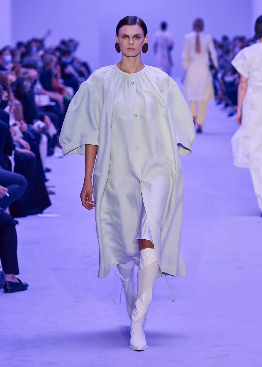 轻盈廓形和超大廓形诠释了仍追求舒适感的女性衣柜。Jil Sander秀场上最优雅的造型,垂褶上衣和蛋形外套。
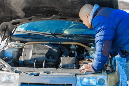 Man open hood of the car and trying to find out what is happened with car. Winter outdoors
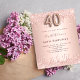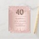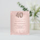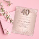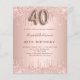 A modern, stylish and glamourous invitation for a 40th birthday party. A rose gold background with drips, paint drip look. The name is written with a modern dark rose gold coloured hand lettered style script. Personalise and add your party details. Number 40 is written with a balloon style font, script.
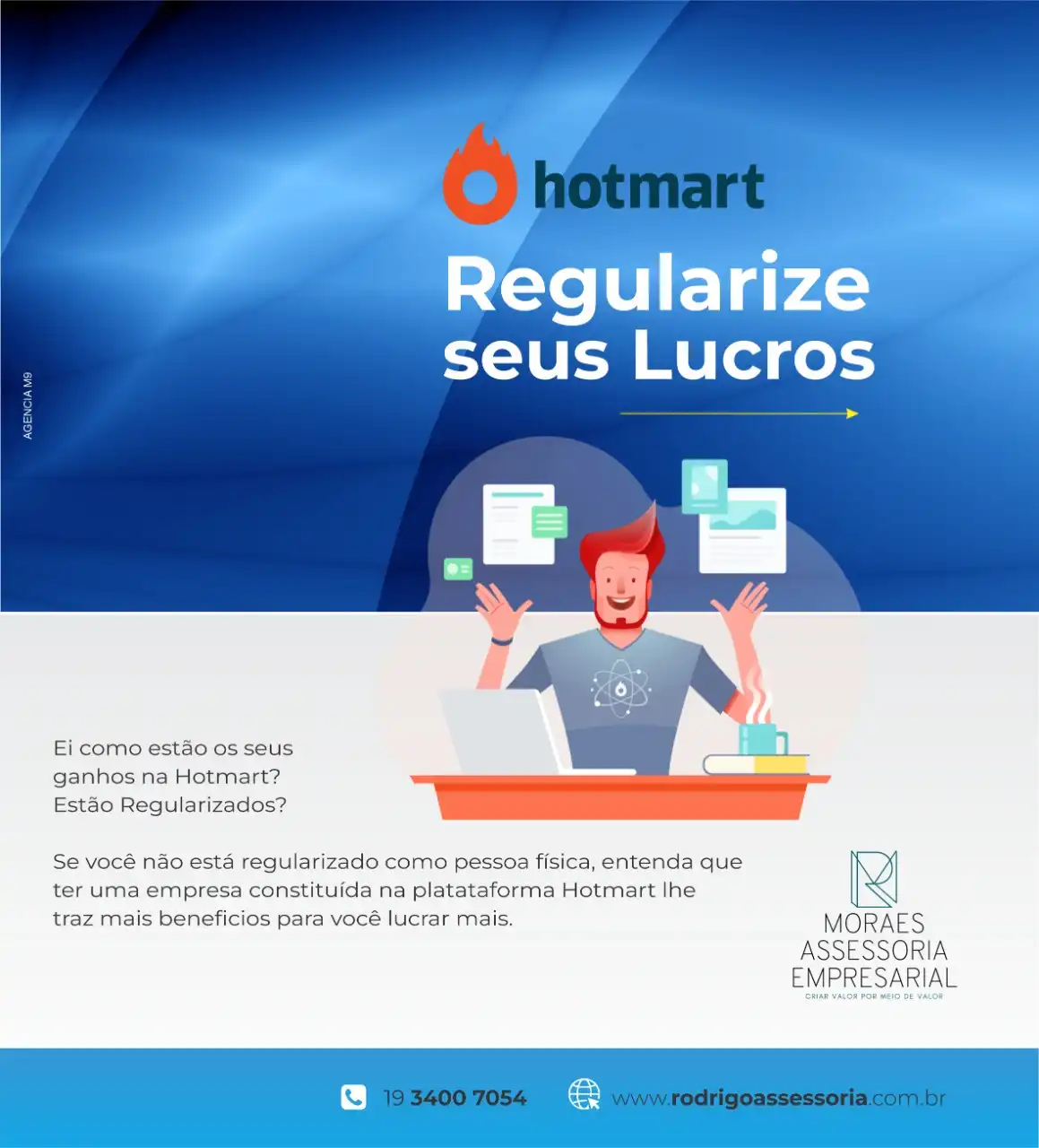 Propaganda Post sobre Regularização de Lucros Hotmart para Escritório de Contabilidade Tipo: Propaganda para Rede SocialCliente: Moraes Assessoria EmpresarialTema: Regularização de lucrosCores: Azul e brancoMensagem: Regularize seus lucros Ei como estão os seus ganhos na Hotmart? Estão regularizados?Se você não está regularizado como pessoa física, entenda que ter uma empresa constituída na plataforma Hotmart lhe … Ler mais Propaganda Post sobre Regularização de Lucros Hotmart para Escritório de Contabilidade
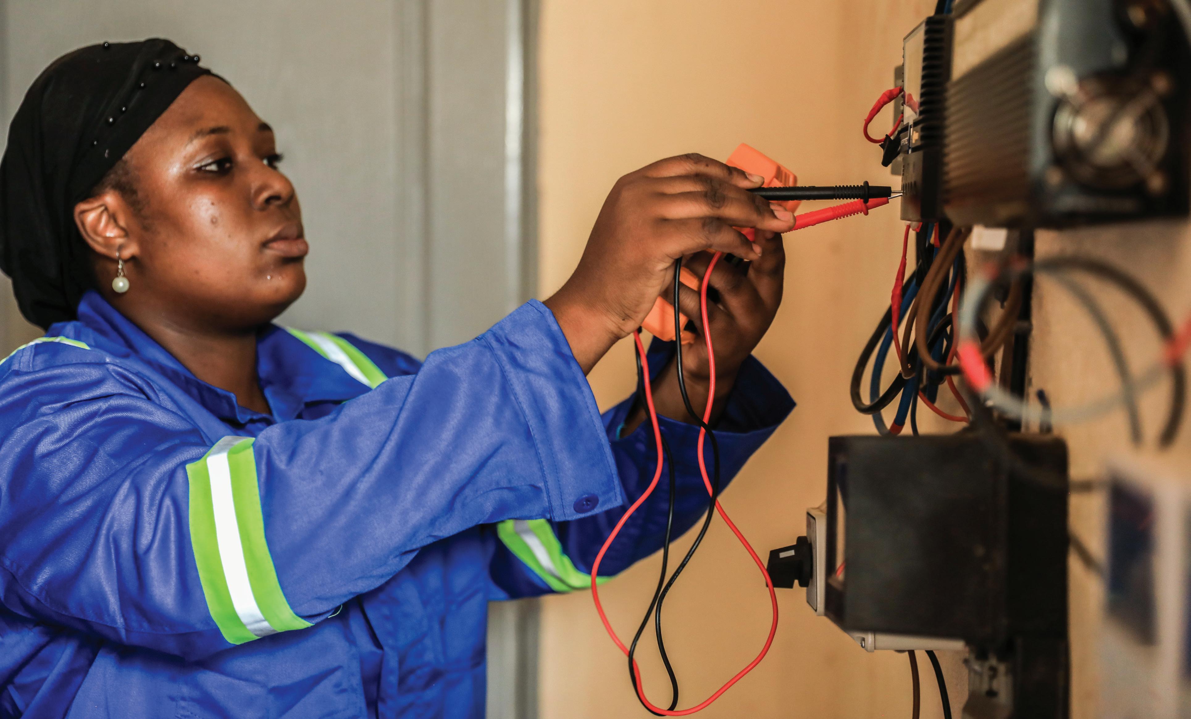 Des bénéficiaires du projet de création d'entreprises durables pour les jeunes inspectent une installation d’energie solaire en novembre 2021. Le projet est financé par Norad.
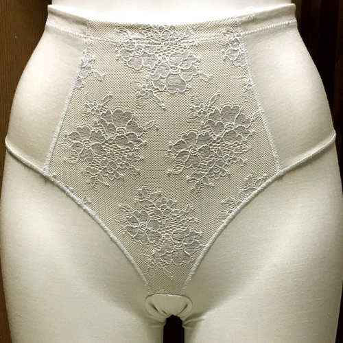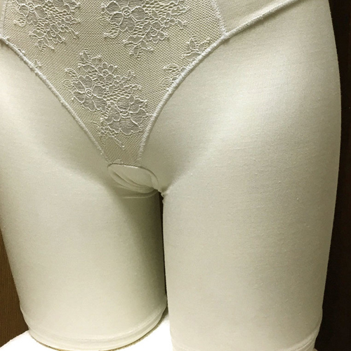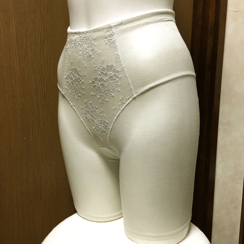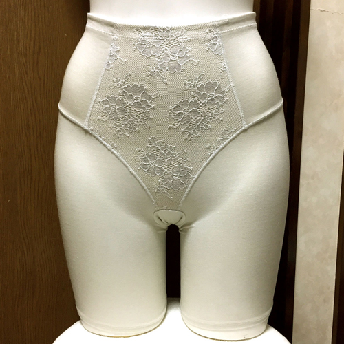 【レディース・補正下着】ルシアン エレガントな花柄レースとすべすべストレッチ セミロングガードル♪アイボリー Mサイズ
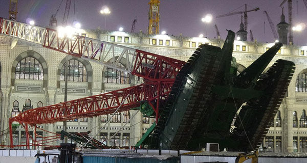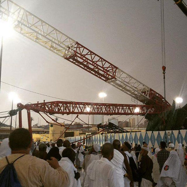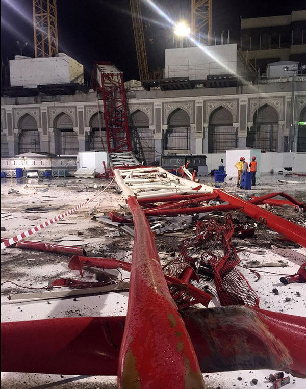 当时,准备参加今年朝觐活动的上万名来自世界各地的穆斯林正在麦加大清真寺参与宗教活动,而这座清真寺还在进行施工,数十座塔吊矗立在大清真寺内外。
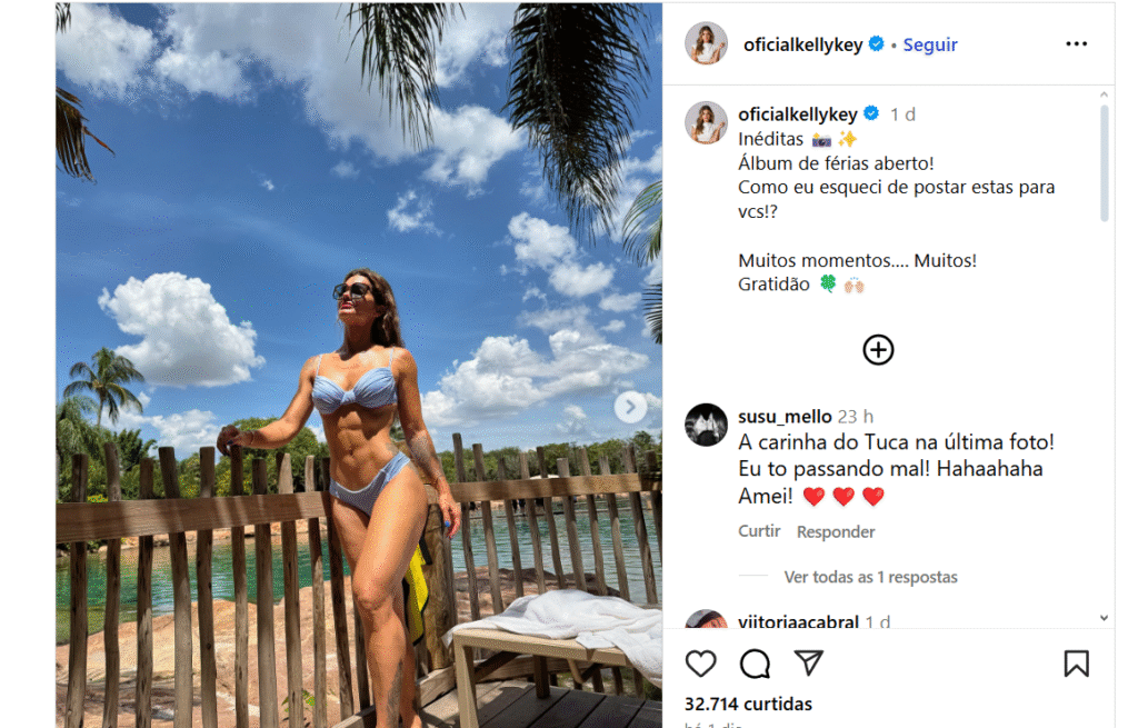 Com curvas definidas e abdômen torneado, a artista impressionou os fãs, que lotaram os comentários de elogios. Na legenda, ela escreveu: “Inéditas. Álbum de férias aberto! Como eu esqueci de postar estas para vocês!? Muitos momentos… Muitos! Gratidão”. Entre as reações, comentários como “Não dá, sério! Perfeita demais” se repetiram.
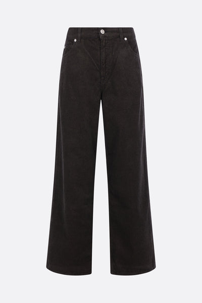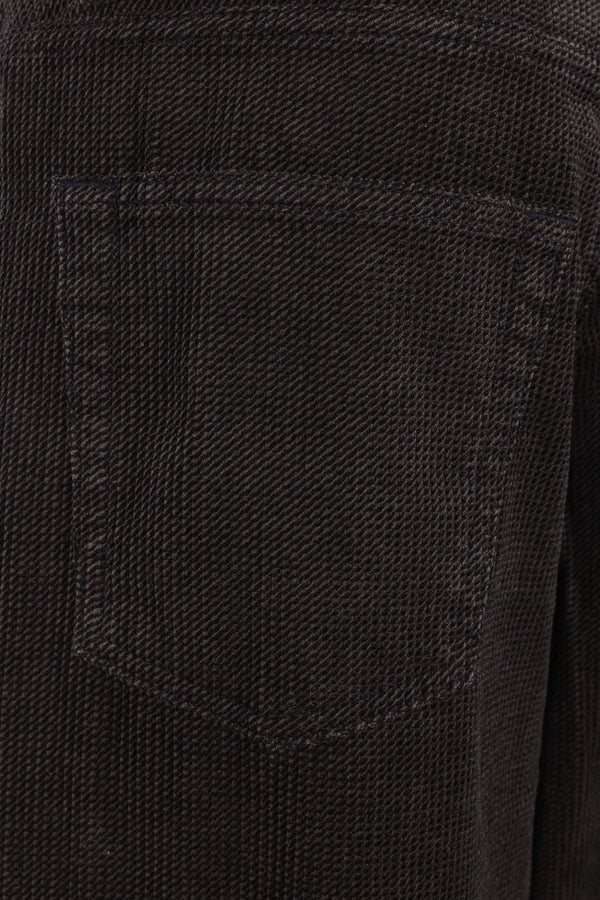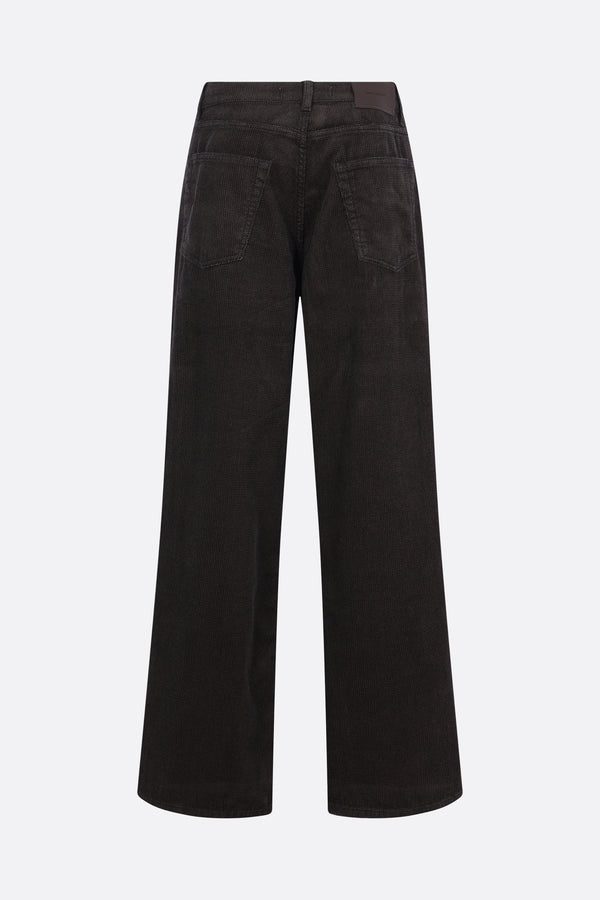 Our Legacy loose-fit trousers crafted from dark brown cord twill. Featuring a front metal button/zip closure, belt loops, five classic pockets, and a rubber logo patch on the back.

■ ■ ■ ■ ■

**WORK REQUEST**
Retype the lines exactly. Begin at the one that holds "Des bénéficiaires du", stop at the last line of the entries above, and drop the pictures.

**SOLUTION FOR THIS TASK**
 Des bénéficiaires du projet de création d'entreprises durables pour les jeunes inspectent une installation d’energie solaire en novembre 2021. Le projet est financé par Norad.
 【レディース・補正下着】ルシアン エレガントな花柄レースとすべすべストレッチ セミロングガードル♪アイボリー Mサイズ
 当时,准备参加今年朝觐活动的上万名来自世界各地的穆斯林正在麦加大清真寺参与宗教活动,而这座清真寺还在进行施工,数十座塔吊矗立在大清真寺内外。
 Com curvas definidas e abdômen torneado, a artista impressionou os fãs, que lotaram os comentários de elogios. Na legenda, ela escreveu: “Inéditas. Álbum de férias aberto! Como eu esqueci de postar estas para vocês!? Muitos momentos… Muitos! Gratidão”. Entre as reações, comentários como “Não dá, sério! Perfeita demais” se repetiram.
 Our Legacy loose-fit trousers crafted from dark brown cord twill. Featuring a front metal button/zip closure, belt loops, five classic pockets, and a rubber logo patch on the back.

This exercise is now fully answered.